The emergence of generative AI presented a critical challenge in my Inorganic Chemistry courses, so I set out to investigate how to prevent AI from becoming a crutch that undermines deep conceptual learning, and instead promote its use in skills acquisition and learning gain by encouraging judgement and conceptual understanding over rote answer retrieval. I aimed to move beyond simplistic "academic integrity" warnings (cheat vs don't cheat) to encourage genuine digital and AI literacy whereby students are taught the critical skill of calibrating their trust in AI outputs to improve mastery.

Implementation

The innovation was embedded into the course assessment structure. Over a 6-week period, students completed five short in-class quizzes in a unique two-stage process: an unaided attempt where students first answered the questions using only their knowledge, and an AI-assisted attempt, where the students immediately revisited the same quiz using a generative AI tool of their choice. The core innovation was the subsequent analytical framework applied. By categorising every answer change between attempts, four metacognitive AI-interaction metrics for each student were calculated:

• Confirmation Rate (correct→correct, validating correct knowledge)
• Correction Rate (incorrect→correct, fixing errors)
• Stubborn Misconception Rate (incorrect→incorrect, persisting in error despite AI)
• Undermining Rate (correct→incorrect, replacing correct answers with AI errors)

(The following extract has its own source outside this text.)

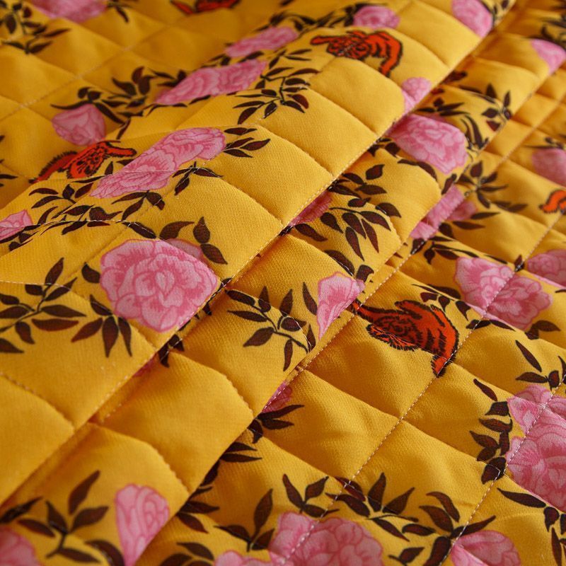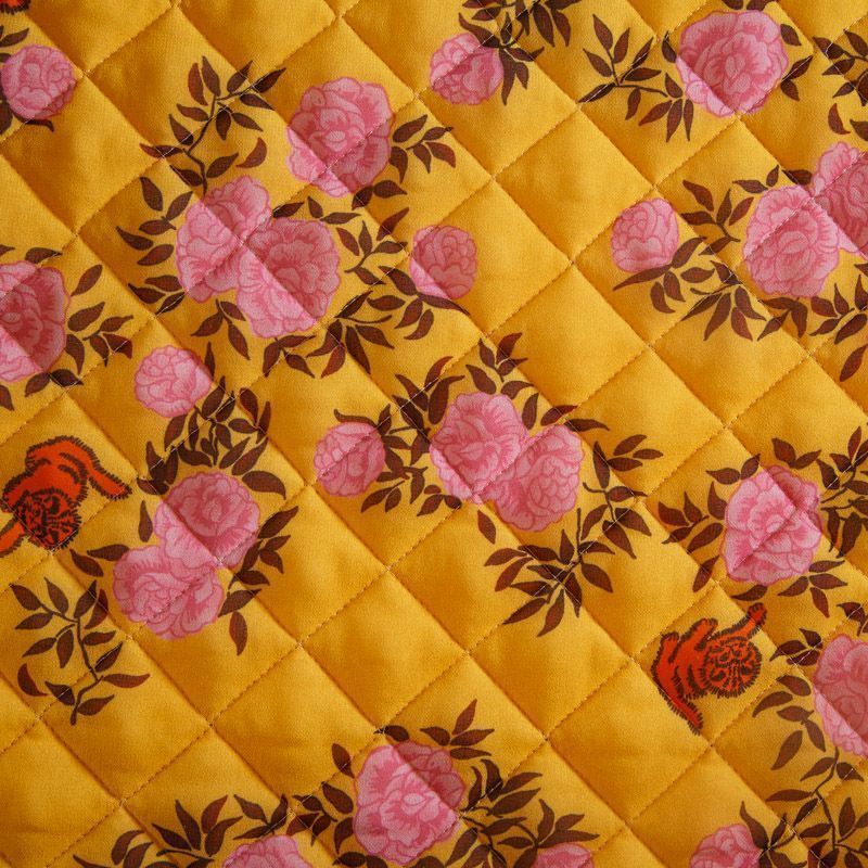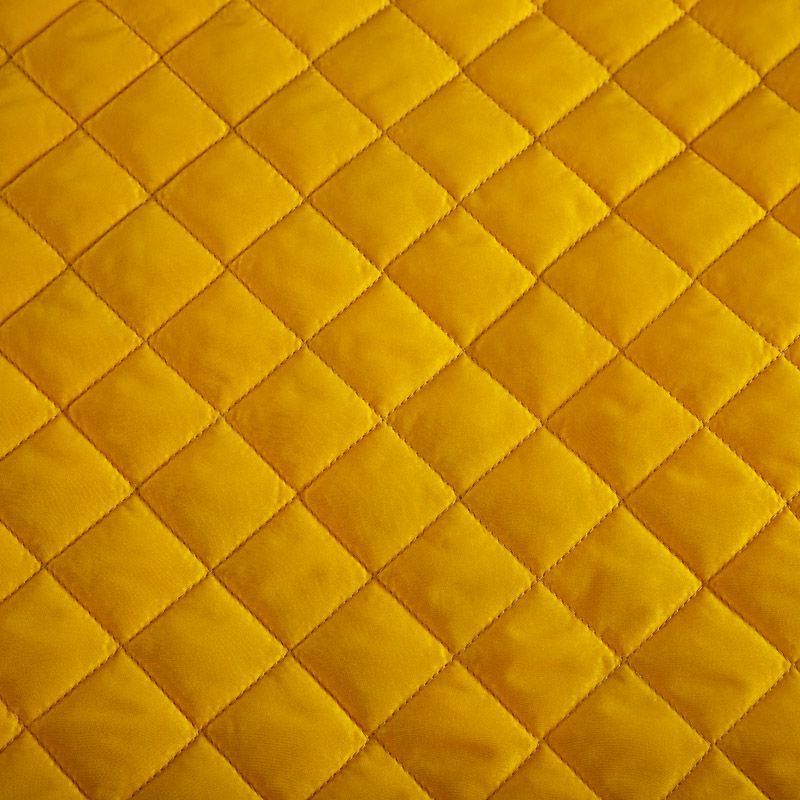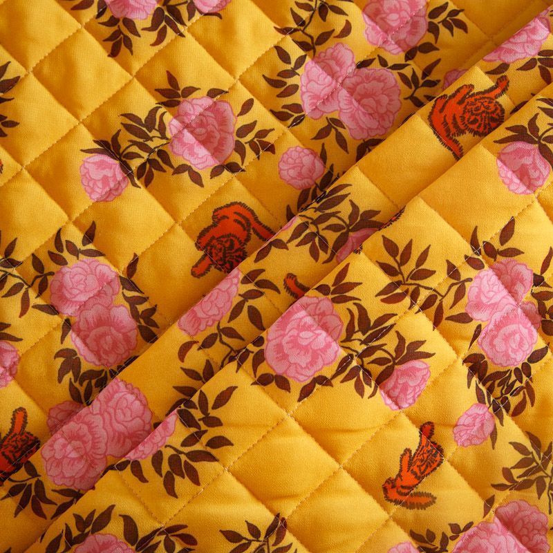 Итальянская трехслойная курточная ткань насыщенного желтого цвета с ярким принтом, простеганная ромбами. Нижний слой - подкладочная ткань желтого цвета, средний слой - синтепон, верхний - принтованный креп-шифон. Очень мягкая и легкая, пластичная, хорошо драпируется. Прекрасно подойдет для  пошива легких пальто, бомберов, парки, курток, жилетов, накидок-кейпов, объемных сумок.

This methodology repackaged passive AI use (simple scores) into a measurable behavioural profile, revealing how the students engaged with AI. This process was followed by two traditional, unaided in-class tests to measure genuine retention and learning gain (skills acquisition).

Evidence of Impact

Quantitative analysis revealed actionable insights. We found that a student’s "AI Boost" (quiz score increase) showed no correlation (r = -0.18) with final test performance, proving that immediate AI help does not equate to learning. However, our metacognitive metrics were strong predictors. A high ‘stubborn misconception’ rate correlated strongly with poor test scores (r = -0.63), identifying persistence of core misunderstandings despite AI. Effective learning was linked to behaviours like a high confirmation rate (r = +0.58), highlighting students who used AI effectively to validate knowledge. These metrics provided evidence of impact on skills acquisition, indicating the importance of the quality of AI interaction. By making their own interaction patterns an object of study, students transitioned from viewing AI as an oracle, to treating it as a fallible tool requiring critical evaluation. The metrics, especially the undermining rate, provided evidence of the cost of overreliance and the ethical lesson of maintaining agency over one's own reasoning.

Wider Application

This framework provides a transferable model for any educational context where AI is present. It offers colleagues a practical methodology to anchor discussions of AI Ethical Literacy in solid, analysable student behaviours rather than abstract policy. For skills acquisition, it shifts the focus from output policing to process optimisation, allowing STEM educators to design interventions that guide students toward the AI interaction patterns like correction and confirmation, that correlate with deep learning. This turns a widespread pedagogical challenge into a scalable strategy for enhancing critical thinking and durable knowledge acquisition in the age of AI.